To do >>
Make an exact copy of all the records that follow, apart from the pictures.

Material for the task >>
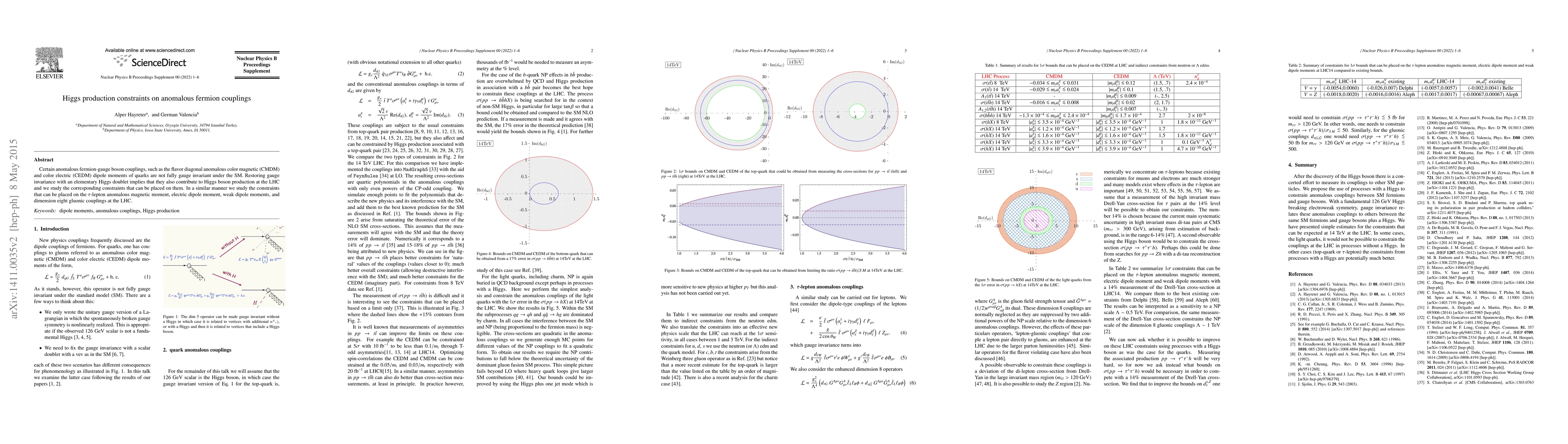 This paper investigates constraints on anomalous fermion-gauge boson couplings, including quark dipole moments and $\tau$-lepton dipole moments, through Higgs boson production at the LHC, aiming to restore gauge invariance and explore their implications. The study also examines the impact of dimension eight gluonic couplings on these processes.
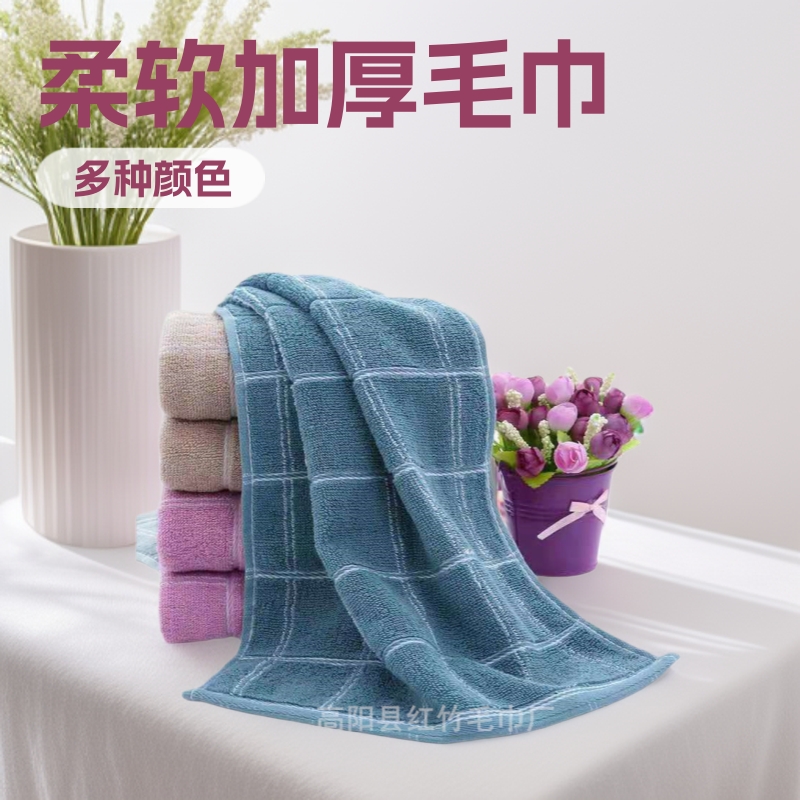 毛巾厂家批发棉质加厚吸水丝带方格毛巾礼品商超日用回礼刺绣logo
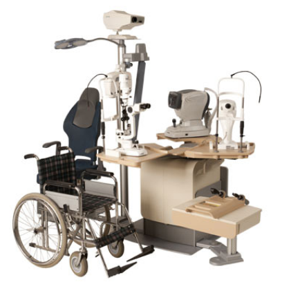 | Refraction unit with manual rotary table for 3 instruments and manual working position - electric up/down movement of the instruments table and rotation system for patient chair - table locking system in any position - 4 different control panel consoles with touch-screen keyboard: "compact" no drawer (code 10.330.10), "elegance" with 1 drawer and trial lens tray (code 10.330.11), "highline" with 3 drawers and trial lens tray (code 10.330.13) and "mix" with 1 drawer, trial lens tray and open compartment (code 10.330.15). Column with adjustable LED lamp and projector support. Patient chair with electric up/down movement. | ![]() |
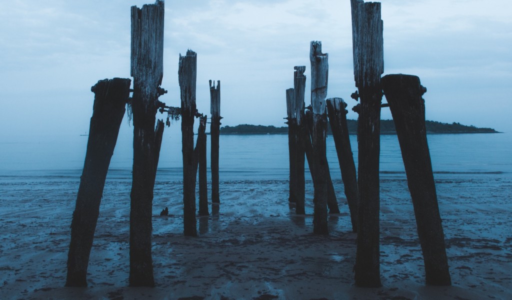 Pier ruins during night HD Wallpaper - 1024x600
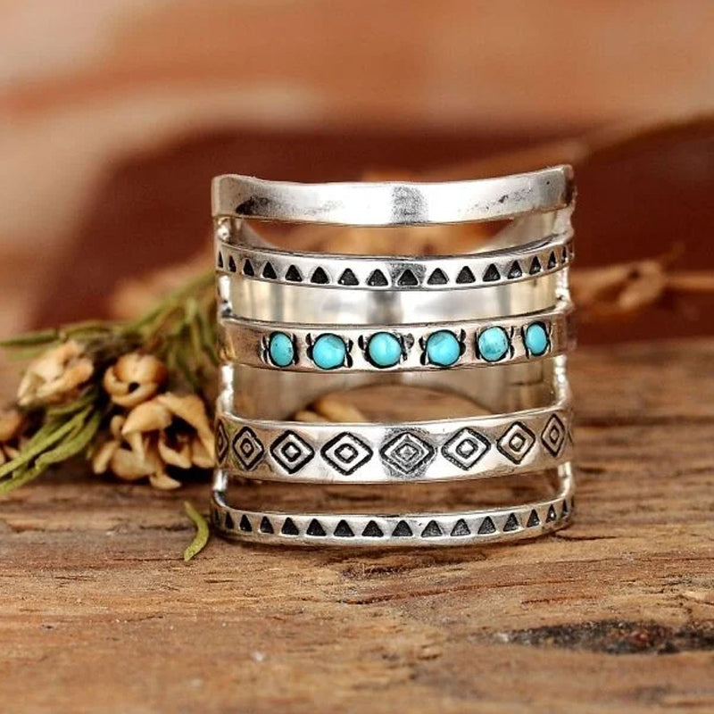 Silver Damring med Stjärna, Måne och Sol
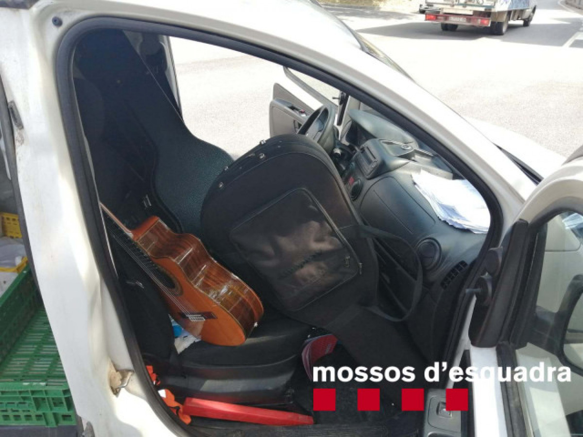 En el momento del registro, dentro del vehículo los mossos encontraron tres guitarras que no eran del ladrón. Además, se le encontró en un bolsillo un afinador de guitarra. Los agentes comprobaron que las guitarras y el afinador habían sido robadas de un piso esa misma noche. Alrededor de las 5 de la madrugada el presunto autor entró en un piso mientras su propietario dormía y cuando la víctima se despertó le exigió dinero. El ladrón cogió el dinero y se fue del piso.
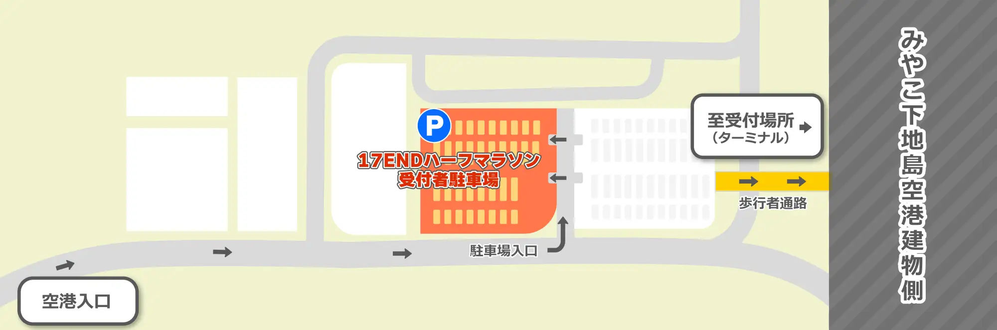 選手受付場所:下地島空港内チェックイン棟チェックインカウンター横
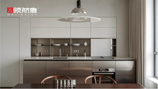 北歐風(fēng)的“極簡(jiǎn)”藏在領(lǐng)航者廚房定制柜的功能里,廚房一體化柜體外側(cè)平整,內(nèi)里卻藏“收納魔法”——封閉柜可存放換季或不常用的廚房雜物,讓空間遠(yuǎn)離雜亂;開(kāi)放格用來(lái)放置常用餐具,拿取格外順手;高柜的設(shè)計(jì)則方便取用深處物品,每一處空間都能被高效利用,真正做到功能“藏而不露”,令廚房既有著簡(jiǎn)約大氣的視覺(jué)效果,又能充分滿足實(shí)用的收納與操作需求。

Worked solution >>
 This paper investigates constraints on anomalous fermion-gauge boson couplings, including quark dipole moments and $\tau$-lepton dipole moments, through Higgs boson production at the LHC, aiming to restore gauge invariance and explore their implications. The study also examines the impact of dimension eight gluonic couplings on these processes.
 毛巾厂家批发棉质加厚吸水丝带方格毛巾礼品商超日用回礼刺绣logo
 | Refraction unit with manual rotary table for 3 instruments and manual working position - electric up/down movement of the instruments table and rotation system for patient chair - table locking system in any position - 4 different control panel consoles with touch-screen keyboard: "compact" no drawer (code 10.330.10), "elegance" with 1 drawer and trial lens tray (code 10.330.11), "highline" with 3 drawers and trial lens tray (code 10.330.13) and "mix" with 1 drawer, trial lens tray and open compartment (code 10.330.15). Column with adjustable LED lamp and projector support. Patient chair with electric up/down movement. | ![]() |
 Pier ruins during night HD Wallpaper - 1024x600
 Silver Damring med Stjärna, Måne och Sol
 En el momento del registro, dentro del vehículo los mossos encontraron tres guitarras que no eran del ladrón. Además, se le encontró en un bolsillo un afinador de guitarra. Los agentes comprobaron que las guitarras y el afinador habían sido robadas de un piso esa misma noche. Alrededor de las 5 de la madrugada el presunto autor entró en un piso mientras su propietario dormía y cuando la víctima se despertó le exigió dinero. El ladrón cogió el dinero y se fue del piso.
 選手受付場所:下地島空港内チェックイン棟チェックインカウンター横
 北歐風(fēng)的“極簡(jiǎn)”藏在領(lǐng)航者廚房定制柜的功能里,廚房一體化柜體外側(cè)平整,內(nèi)里卻藏“收納魔法”——封閉柜可存放換季或不常用的廚房雜物,讓空間遠(yuǎn)離雜亂;開(kāi)放格用來(lái)放置常用餐具,拿取格外順手;高柜的設(shè)計(jì)則方便取用深處物品,每一處空間都能被高效利用,真正做到功能“藏而不露”,令廚房既有著簡(jiǎn)約大氣的視覺(jué)效果,又能充分滿足實(shí)用的收納與操作需求。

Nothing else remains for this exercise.